I was surprised I can use SM as classifier out of the box :wink:
Then I can slap 3 2D buffers and via controlled flow of SDRs I get a TM.

What is more to ask ! BUT … making it work requires an algorithm for correct RESIZING of SDRs…

Initially I thought easy peasy … look Resize SDR , but as I tested more, simple-Resizing only works on simple two way resize
i.e. A <==> B, for Classifier SM that is OK (Data <=> Segmented-Memory)

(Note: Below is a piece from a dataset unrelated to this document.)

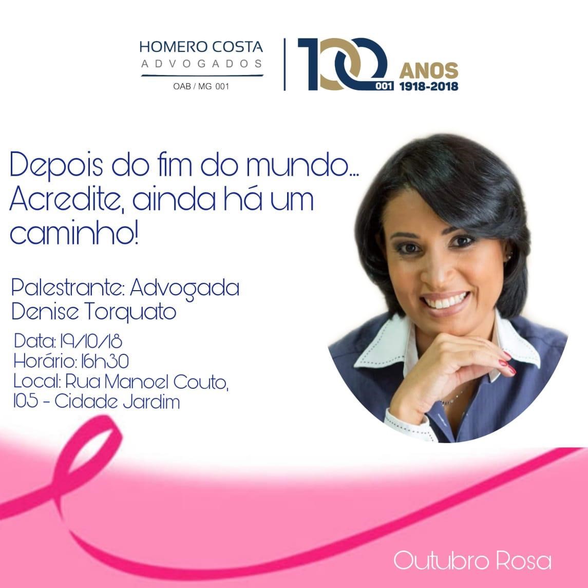 O Outubro Rosa é o mês de conscientização para a prevenção do Câncer de Mama. E, neste mês, Homero Costa Advogados irá receber a advogada Denise Torquato, com a palestra "Depois do fim do mundo... Acredite, ainda há uma esperança!". A palestra é sobre relatos pessoais da palestrante que passou pela experiência do câncer de mama. O evento acontece na sede do escritório, em BH/MG, dia 19/10. (Clique aqui)

Not so for TM, which requires 3-way resizing :

   Data <=> 2D Buffer <=> Segmented-Memory

(Buffer is used to mimic mini-columns )

Possible configuration in bits/sparsity (easy mapping : no change in the sparse-bits : 40) :

   2000/40 <=> 10000/40 <=> 500/40

/even this simple way is not easy … when u downscale N-bits often map to single bit. Later how do you decide on the upscale how this bit maps to multiple bits !!!/

Complex :

   2000/40 <=> 10000/40 <=> 500/20

/both size & sparse bits change : even worse now u for certain have many <=> one bit mapping/

In this scenario simple-resizing doesnt work. I tried/thought 3-4 different permutations (probalistic up/down scaling, memoization …etc). Looked at PCA and Multidimentional scaling (no upscaling).
Then another light bulb moment I realized what I need is 2 SpatialPooler’s. The problem with SP is that it needs
TRAINING and is very complex and may not work.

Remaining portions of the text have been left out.